The learning rate is a tuning parameter used in the model. A higher learning rate means that larger fraction of each tree’s predictions are added to the final prediction. As a consequence more of the same predictors will be selected among the trees.
(b) Which model do you think would be more predictive of
other samples?
Of the two models, the model on the left (shrinkage
= 0.1,
bag.fraction
= 0.1) would be more predictive of the samples
given the amount of trees it should have in comparison to the model on
the right right (shrinkage
= 0.9, bag.fraction
= 0.9).
(c) How would increasing interaction depth affect the slope of predictor importance for either model in Fig. 8.24?

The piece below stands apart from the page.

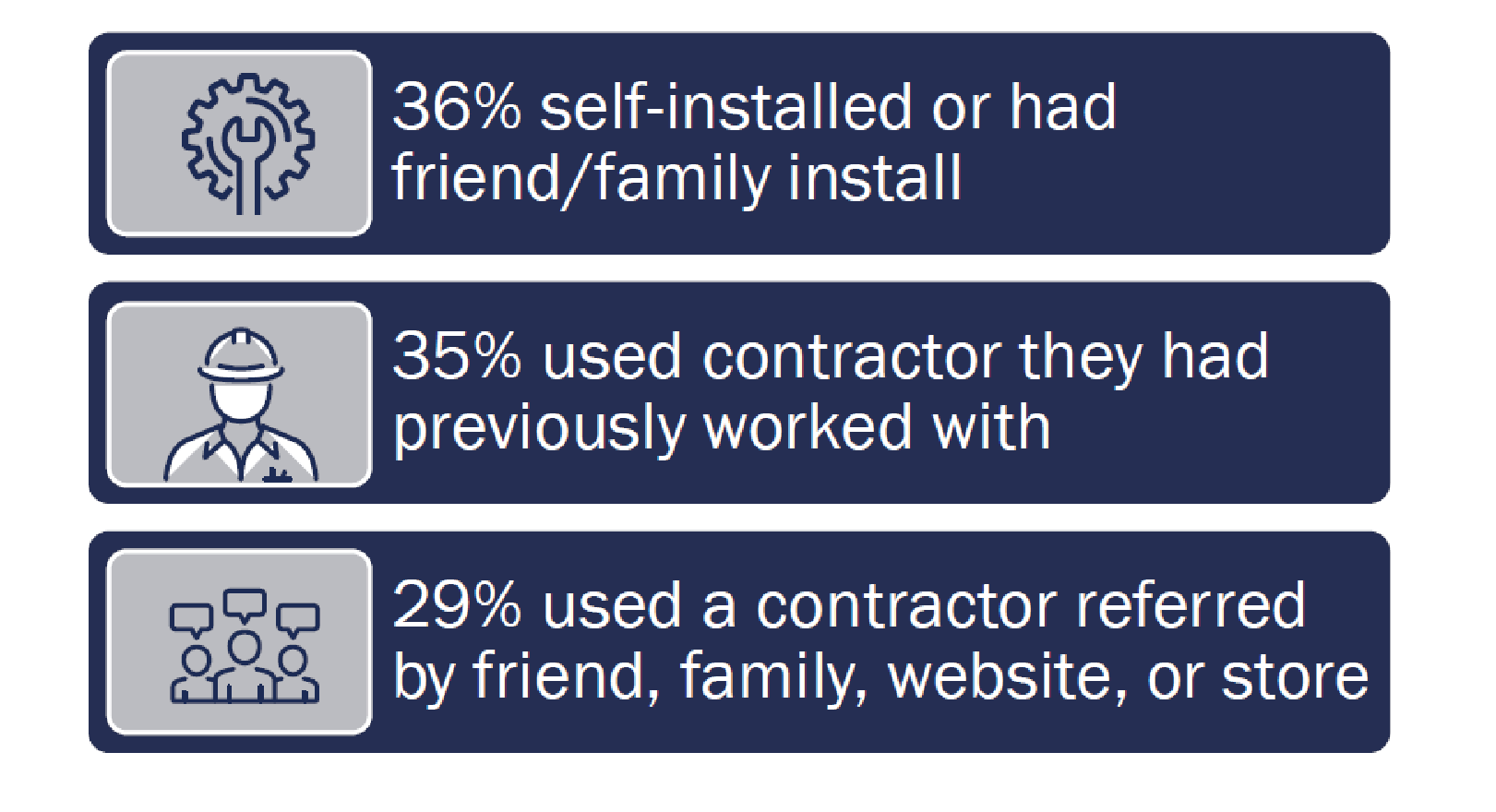 - Like we saw with HVAC systems, most homeowners who had installed a new water-heating system at some point in their home did so because the equipment either failed completely (166 of 304; 55%) or did not function properly (81 of 304; 27%). Ten percent or less reported replacing their water heater for reasons other than the functionality of the equipment. Just over one-third installed the water heater themselves or used a friend or family member; just over one-third used a contractor they previously worked with; while just under one-third used a contractor referred to them by a friend, family member, website, or store.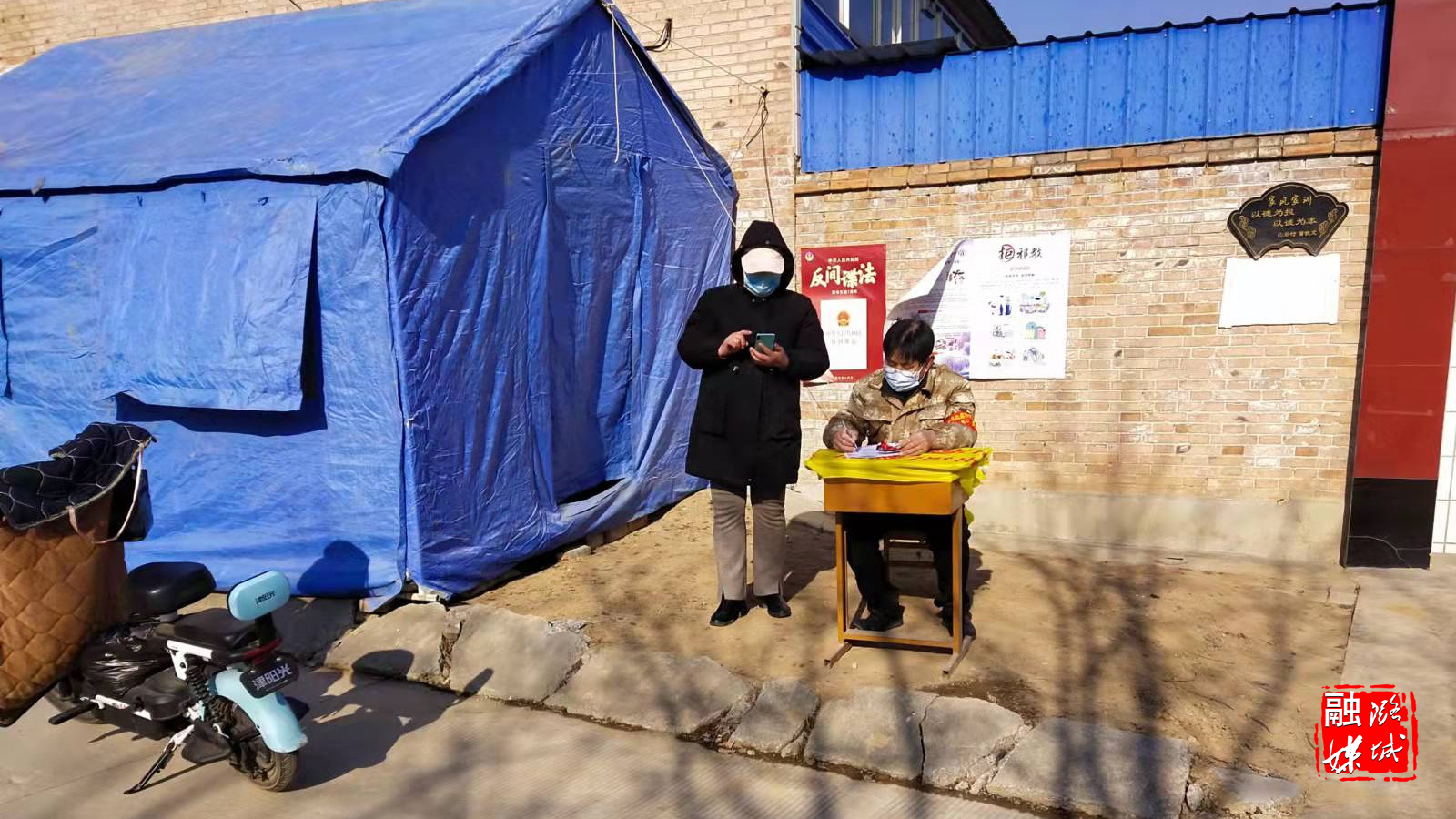 ▲成家川街道各村积极在卡口值班值守,入户宣传疫情防控知识,并协助村民进行核酸检测个人信息预登记。

Interaction depth, also known as tree size or tree complexity,
controls the maximum size of each tree. As noted above, shrinkage is
inversely related to interaction depth. The left (shrinkage
= 0.1, bag.fraction
= 0.1) might benefit from an increase
in interaction depth, while the right might not since the shrinkage
parameter is fairly high.
Refer to Exercises 6.3 and 7.5 which describe a chemical manufacturing process. Use the same data imputation, data splitting, and pre-processing steps as before and train several tree-based models:
#load data
data(ChemicalManufacturingProcess)
set.seed(624)
#impute, remove near zero values, and remove correlated values using caret
imputed_data <- preProcess(ChemicalManufacturingProcess, method = c("knnImpute","nzv", "corr"))
full_data <- predict(imputed_data, ChemicalManufacturingProcess)
index_chem <- createDataPartition(full_data$Yield , p=.8, list=F)
train_chem <- full_data[index_chem,]
test_chem <- full_data[-index_chem,]
train_predictors <- train_chem[-c(1)]
test_predictors <- test_chem[-c(1)]
(a) Which tree-based regression model gives the optimal resampling and test set performance?
The Random Forest model provides optimal metrics, with the lowest RMSE of 0.67, and an \(R^2\) value of 0.73.
set.seed(624)
#fit the model
rf_model <- randomForest(train_predictors, train_chem$Yield, importance = TRUE, ntrees = 1000)
rf_model
##
## Call:
## randomForest(x = train_predictors, y = train_chem$Yield, importance = TRUE, ntrees = 1000)
## Type of random forest: regression
## Number of trees: 500
## No. of variables tried at each split: 15
##
## Mean of squared residuals: 0.3711346
## % Var explained: 59.85
rfPred <- predict(rf_model, newdata = test_predictors)
postResample(pred = rfPred, obs = test_chem$Yield)
## RMSE Rsquared MAE
## 0.6715320 0.7323224 0.4828902
set.seed(624)
gbm_model <- gbm.fit(train_predictors, train_chem$Yield, distribution = "gaussian")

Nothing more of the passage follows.